*Task details:*
Output nothing but the lines from the first line of the listing below through the line containing "Add a good looking decorative", printed exactly and free of pictures.

[Opening Data shown section]

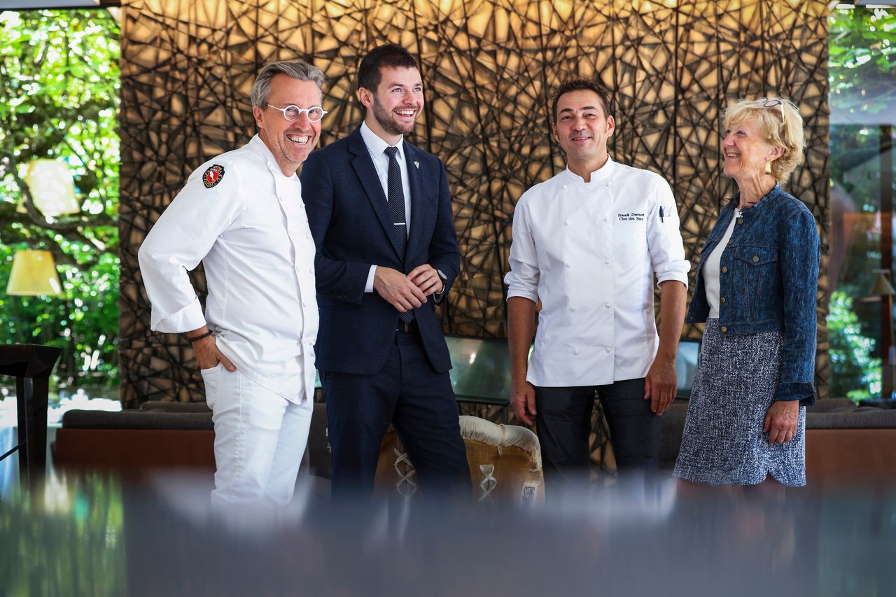 Laurent & Martine PETIT übertragen das von ihnen vor 30 Jahren gegründete und seither erfolgreich aufgezogene Relais & Château samt 3*-Michelin-Sterne-Gourmet-Restaurant an ihre Getreuen Thomas Lorival – Geschäftsführer und Sommelier in Personalunion – sowie Franck Derouet als längst gestählter, meisterhafter und intellektueller Spitzen-Chefkoch. Der seit einiger Zeit angepeilte Kompromiss des Geschäftsverkaufs ist per 29. September ’22 über die Bühne, die Uebergabe des physischen Anwesens und Betriebes dürfte in einem nächsten Schritt vollzogen werden.
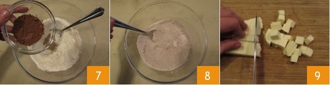 Añade también el cacao crudo 7 y mezcla para combinar los polvos 8. Corta la mantequilla fría en cubos 9.
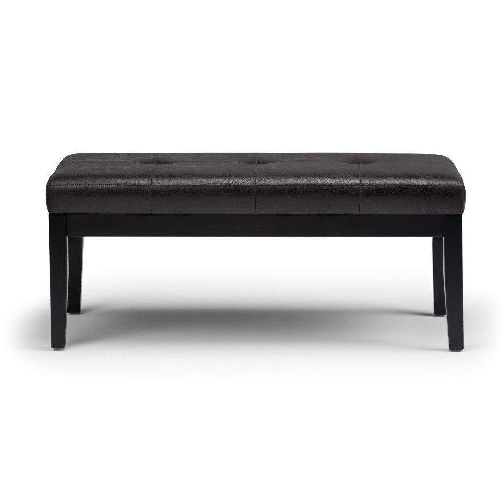 Add a good looking decorative accent to your space that is also practical for seating. The upholstery top of this ottoman is a nice contrast to the upholstery material. Complete with a purposefully distressed finish, this ottoman has an aged, vintage, and rustic feel. Expertly upholstered with padding in a soft solid color leather, this ottoman is as comfortable as it is good looking. Easy to blend into most any room, a ottoman is a way to add a good looking accent to your space that can also be practical and useful. 17.90-inch h x 41.30-inch w x 19.50-inch d.
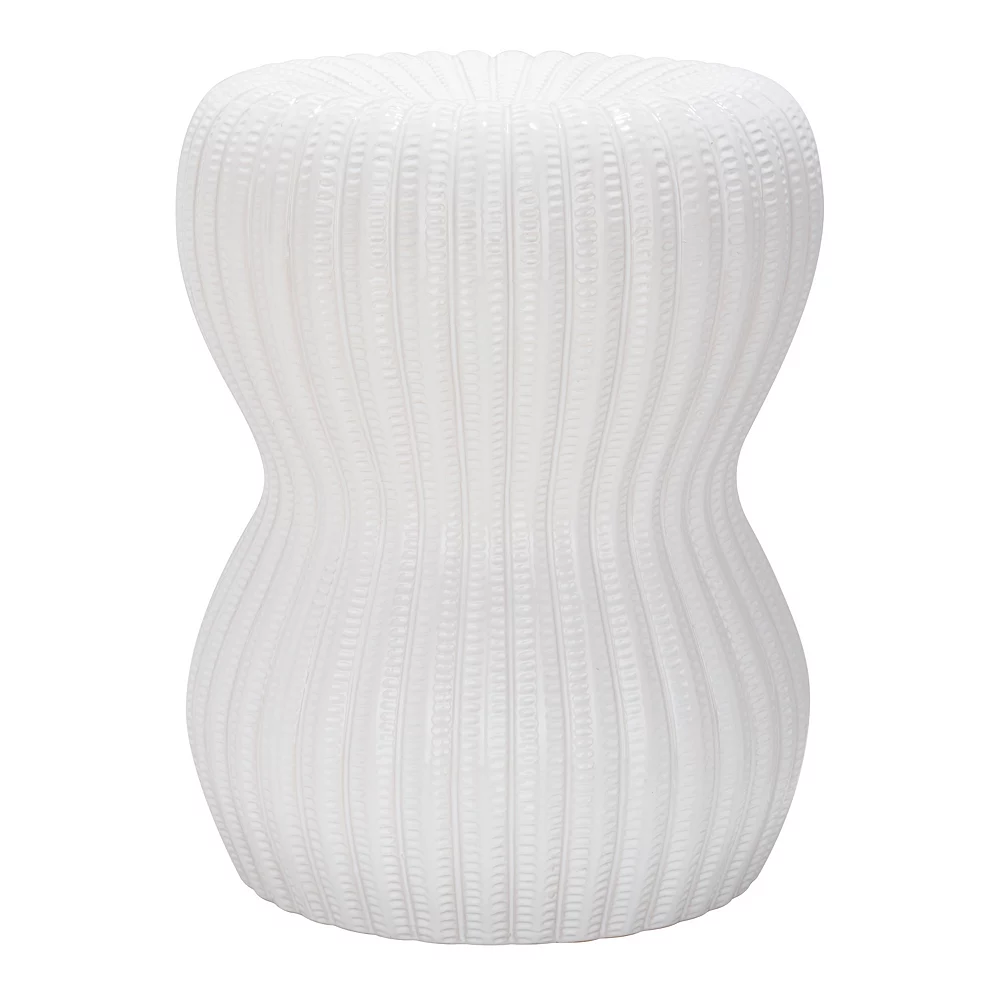 Sculptural beauty for the patio, garden, or living room, the Hour Glass Garden Stool is a study in serenity with its clean white glaze on textured ceramic. Use this charming piece by itself as an artistic accent or place several in a cluster for decorative drama indoors or out.
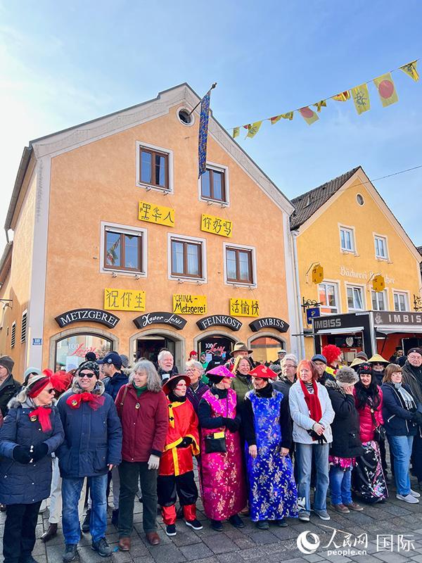 節(jié)日期間的迪特福特,隨處可見中國文化元素。主街兩側(cè)的房屋上,懸掛著“祝你生活愉快““華人你好嗎”等漢語招牌,街道上方則拉起了彩旗和紅燈籠;市政廳前不但搭起巨大的中式戲臺,平時經(jīng)營德國風(fēng)味的面包店和肉店,也都把招牌換成了“中國面包店”“中國肉店”,并張貼著“?!薄暗摗薄皦邸钡燃橛谜Z,游客在攤位前排起長龍,津津有味地吃著“中國甜甜圈”。
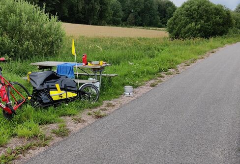 Det gick segt efter Ödeshög, vinden hade vridit sig så att den tidigare medvinden nu var sidvind och min cykeltrailer var tydligen inte lika ...

[Closing Data shown section]

*Result below:*
 Laurent & Martine PETIT übertragen das von ihnen vor 30 Jahren gegründete und seither erfolgreich aufgezogene Relais & Château samt 3*-Michelin-Sterne-Gourmet-Restaurant an ihre Getreuen Thomas Lorival – Geschäftsführer und Sommelier in Personalunion – sowie Franck Derouet als längst gestählter, meisterhafter und intellektueller Spitzen-Chefkoch. Der seit einiger Zeit angepeilte Kompromiss des Geschäftsverkaufs ist per 29. September ’22 über die Bühne, die Uebergabe des physischen Anwesens und Betriebes dürfte in einem nächsten Schritt vollzogen werden.
 Añade también el cacao crudo 7 y mezcla para combinar los polvos 8. Corta la mantequilla fría en cubos 9.
 Add a good looking decorative accent to your space that is also practical for seating. The upholstery top of this ottoman is a nice contrast to the upholstery material. Complete with a purposefully distressed finish, this ottoman has an aged, vintage, and rustic feel. Expertly upholstered with padding in a soft solid color leather, this ottoman is as comfortable as it is good looking. Easy to blend into most any room, a ottoman is a way to add a good looking accent to your space that can also be practical and useful. 17.90-inch h x 41.30-inch w x 19.50-inch d.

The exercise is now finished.